Prosper Brouillon est un auteur à succès. Comme son prénom l'indique, il rapporte beaucoup à Max, son éditeur, et, dans ce livre, il se révèle tel qu'en lui-même son lecteur le change:
Il ne pense qu'à son lecteur, il pense à lui obsessionnellement, avec passion, à chaque nouveau livre inventer la tortue nouvelle qui obligera ce rat cupide à cracher ses vingt euros.
Éric Chevillard décrit Prosper à l'oeuvre et dévoile ses secrets de fabrication, qui font de lui un écrivain que tout éditeur aimerait avoir, sinon dans son catalogue, dans son registre comptable.
Cette fois Prosper a décidé de se renouveler, d'abandonner le marché de masse pour se lancer dans le marché de niche, c'est-à-dire de donner une trame policière à son nouveau roman.
Prosper imagine peu à peu les personnages de sa brigade policière à partir du secret de notre humanité qu'il a su percer: L'individu n'est que la somme des détails qui le constituent.

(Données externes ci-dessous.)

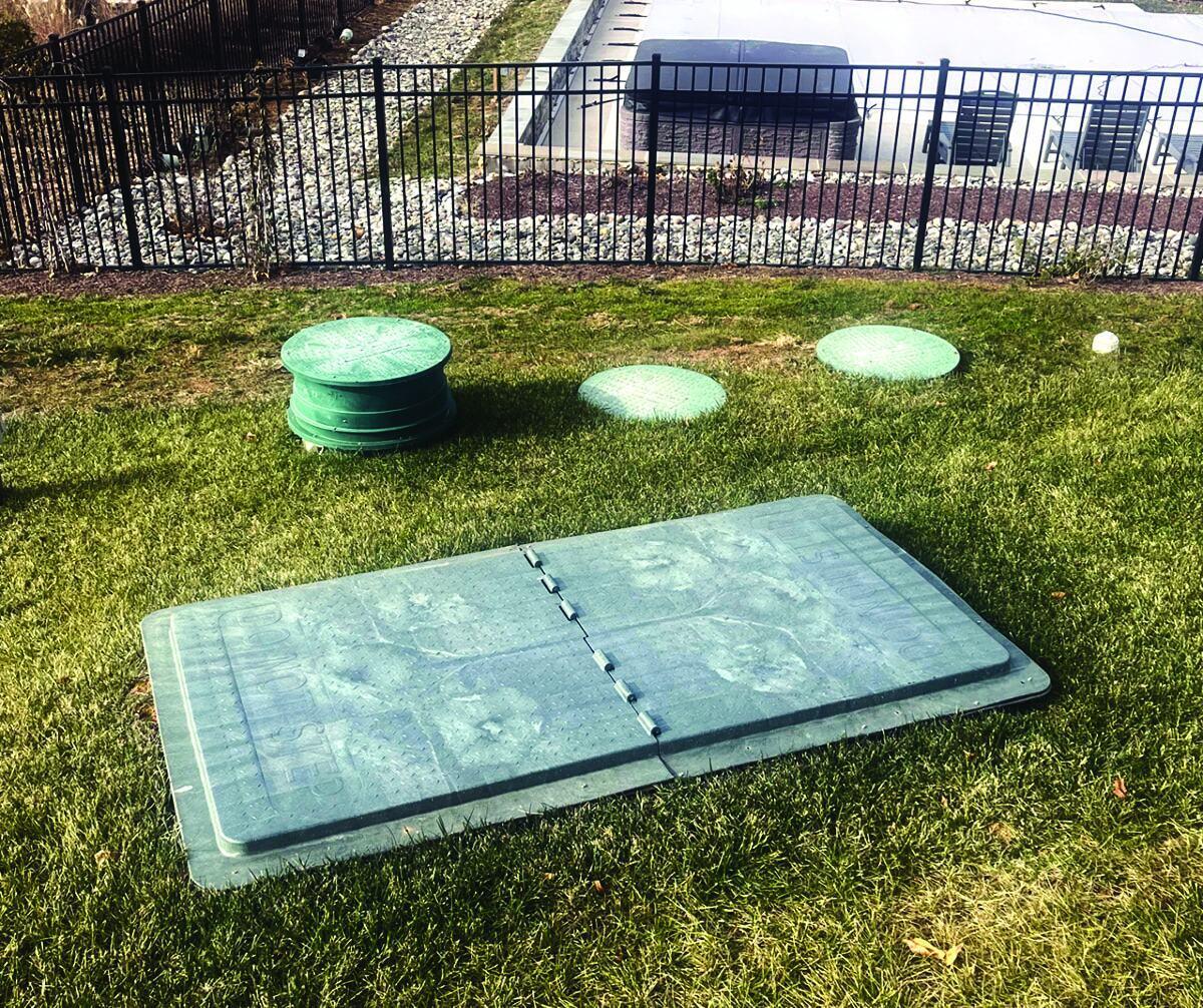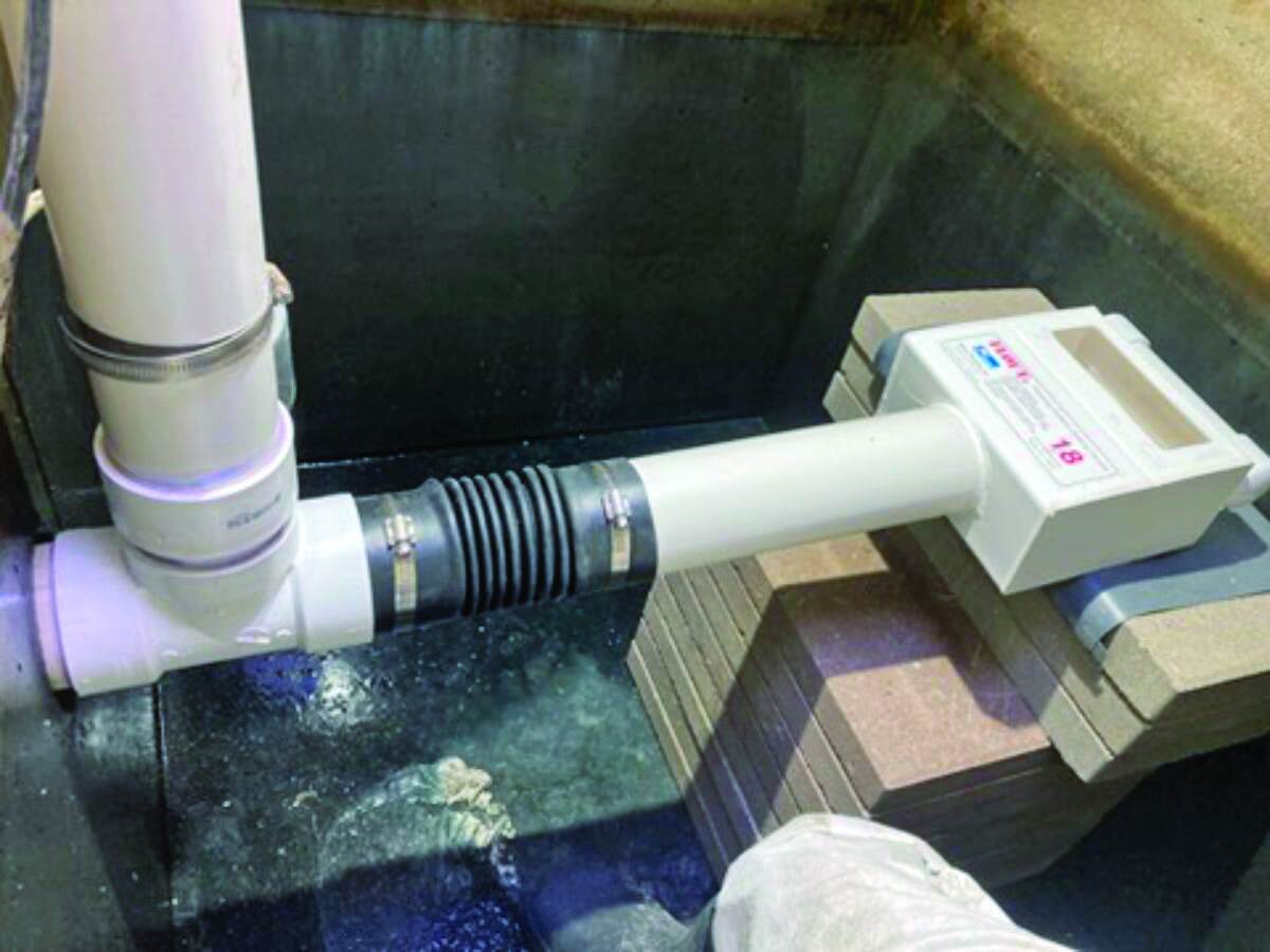 Solution: Tom Basham at Nokesville Design designed an EZ Treat Model 600 unit with a Model #102 UV Unit to bring the discharge system into compliance with the Virginia Sewage Handling and Disposal Regulations and the DEQ. The existing septic tank and ATU was pumped and abandoned in place. The new design will consist of a Hanover Precast 1,500-gallon baffled septic/recirculation tank, an EZ Treat Model 600 treatment unit and an EZ Treat Model #102 UV unit for disinfection and a Hanover Precast 2,000-gallon pump chamber. This plan was designed to meet the Class I reliability standards. Accordingly, the pump chamber had storage capacity of more than 100% of the forward flow above the alarm float. A Fralo monster box with an aeration stone was installed prior to the discharge point. The unit is designed and approved to treat hydraulic flows up to 600 gpd, producing advanced, secondary quality of treated effluent and is a Generally Approved TL-3 (Treatment Level) system in Virginia. In Virginia, TL-3 effluent requirements mandate the treated effluent to have a five-day BOD and TSS of 10 mg/L or less. The Model #102 UV unit is a gravity-fed, dual-bulb device capable of treating a maximum flow rate of 10 gpm.

Ce que cet increvable de Prosper (pour les besoins de la cause il file des métaphores) rapporte à Max permet à celui-ci de publier des poètes illisibles, qui n'y sont pour rien, les pauvres:
Il laboure ses dix pages à l'heure: dix prodigieux écrivains impopulaires et désargentés auront ce soir un bol de riz. Max peut compter sur lui.

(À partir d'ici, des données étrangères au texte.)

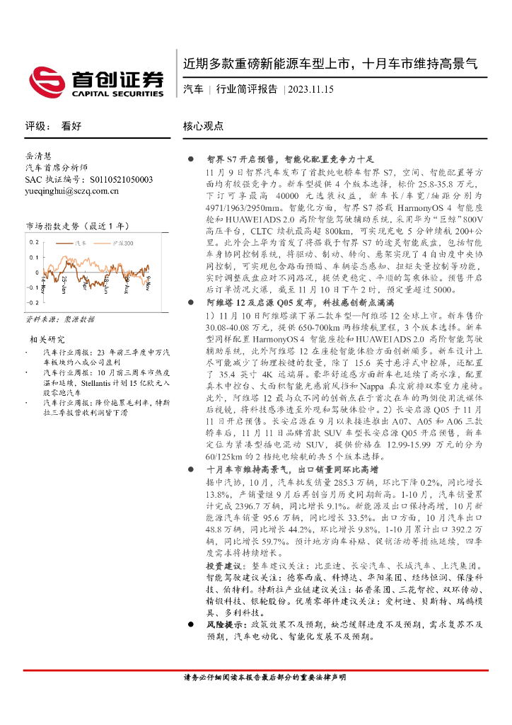 首创证券:汽车:近期多款重磅新能源车型上市,十月车市维持高景气.pdf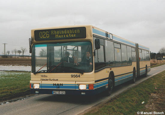 Umlaufbedingt kommt der Einsatz von Gelenkbussen der NVV auf der Merreter-Runde der Linie 026 von Mönchengladbach-Rheindahlen aus zustande. Am 28.01.2003 ist der MAN A11 (NG 312) mit der Nummer 9564 in den Feldern nahe Merreter unterwegs.
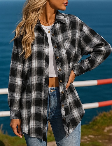 Per donna A quadri Giacca da camicia Lounge Top Autunno Manica Lunga Athleisure Leggero All'aperto Viaggio Sportivo Nero Giallo Rosso abbigliamento sportivo Abbigliamento sportivo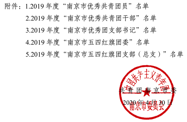 2019年以来,全市各级团组织、团干部和广大团员青年坚持以习近平新时代中国特色社会主义思想为指引,认真学习党的十九大和十九届二中、三中、四中全会精神,深入贯彻习近平总书记系列重要讲话精神特别是关于青年工作的重要思想,紧紧围绕全市建设“创新名城、美丽古都”的总体定位,以“建设青年身边的共青团”为目标,狠抓基层建设、服务中心大局,为南京高质量发展走在全省前列汇聚青春力量,团的各条战线涌现出一大批优秀个人和先进组织。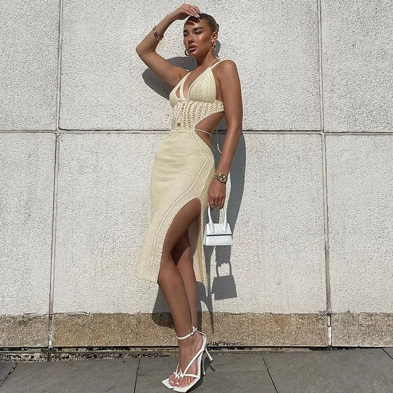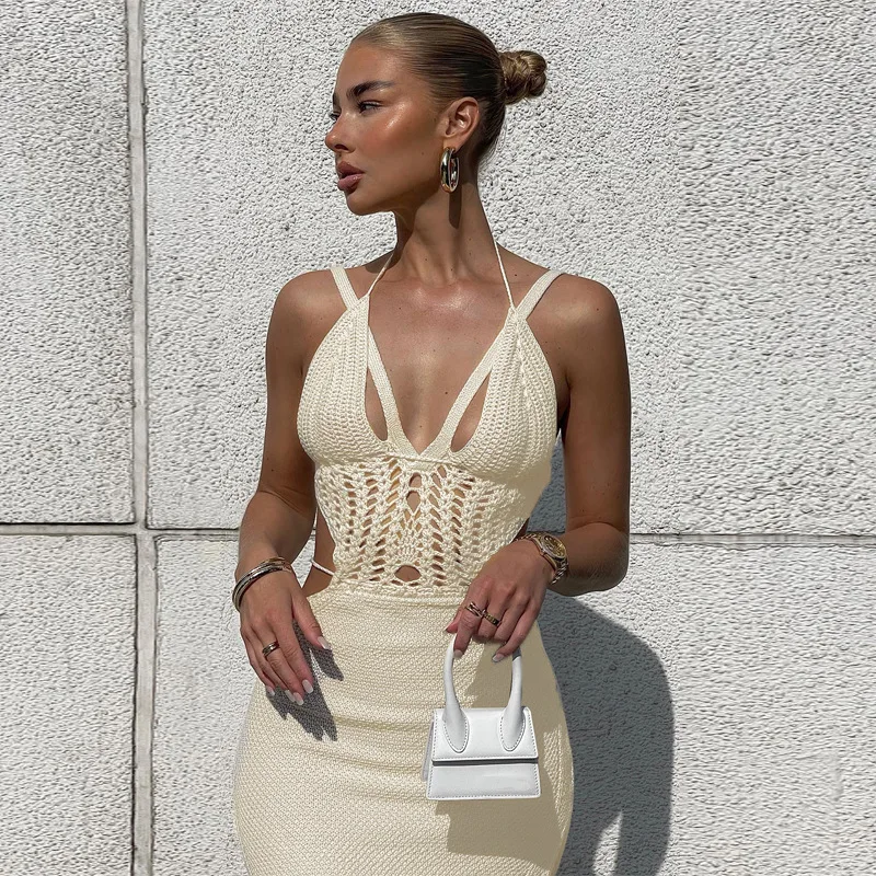 FREE SHIPPING Knitted Cut Out Halter Sexy Backless Summer Beach Dress for Women JKP6049

Prosper Brouillon doit de temps en temps laisser son roman en plan pour faire la tournée triomphale des salons et festivals du livre: C'est un crêve-coeur, mais la gloire a ses exigences.
Prosper Brouillon a une master-class en ligne, sur son site personnel: en vingt micro-conférences, il s'engage, moyennant finance (il ne faut pas rêver), à ne rien celer de ses secrets d'écrivain.

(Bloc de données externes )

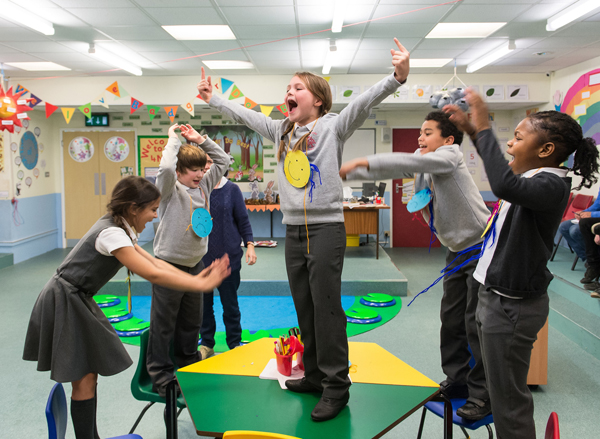 Vicky Featherstone’s lively production features a cast of bright young boys and girls, led on press night by Nancy Allsop as Louie (pictured above on table). But these boisterous kids are only part of the show. The adults in the show are familiar faces such as Amanda Abbington (Sherlock and Mr Selfridge), Julie Hesmondhalgh (Coronation Street) and Nikki Amuka-Bird (Small Island). Abbington’s Sali Rayner is relentlessly upbeat and contrasts nicely with Amuka-Bird’s Ms Evitt and Ony Uhiara’s Ms Newsome, with Hesmondhalgh as the down-to-earth Mrs Bradley.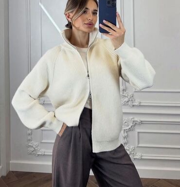 - Kroj: blago oversized, raglan rukavi, duži manžetni rubovi; može da se nosi zakopčano do visokog okovratnika ili otvoreno kao kardigan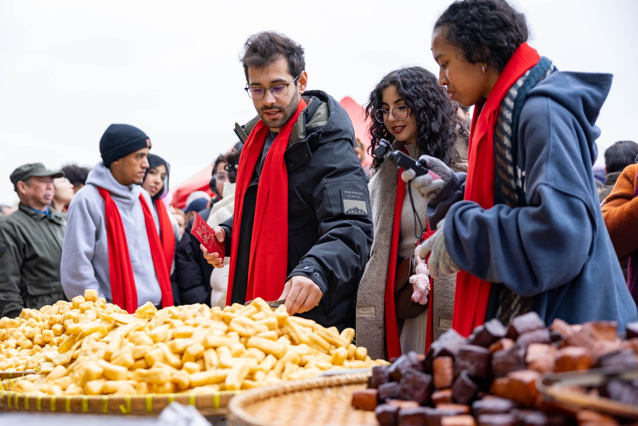 經(jīng)過布滿春聯(lián)、福字、燈籠、生肖貼畫等紅色年貨的攤位時(shí),留學(xué)生們紛紛駐足。在推介員的講解下,他們了解了春聯(lián)、紅包、拜年等春節(jié)習(xí)俗。一番采購后,有人買了瓜子、凍米糖,有人選了老蛋糕和中國結(jié),大家手提滿載的年貨,繼續(xù)漫步老街。

Prosper n'est pas motivé par l'appât du gain: il est uniquement guidé par l'envie de partager, mieux: de transmettre. Il n'est pas loin de considérer cet enseignement comme un devoir, une mission.
Dans la lignée des Hugo, Zola ou Sartre, Prosper est un lanceur d'alerte. Il attaque le système de l'intérieur: Ses livres ne sont-ils pas en pile dans les supermarchés? C'est la ruse du cheval de Troie...
Un roman de Prosper Brouillon n'en serait pas un si ses fidèles lecteurs ou ses plus infidèles coquins ne pouvaient compter sur une de ces scènes torrides comme il sait si bien les trousser...
Il ne manque à cette satire, écrite par un lecteur, et auteur, chevronné, qu'une mention teintée d'ironie: Toute ressemblance avec des écrivains existants ou ayant existé serait purement fortuite...
Francis Richard
PS
Les illustrations de Jean-François Martin, dont celle de la couverture, sont d'une grande pertinence et d'une grande simplicité.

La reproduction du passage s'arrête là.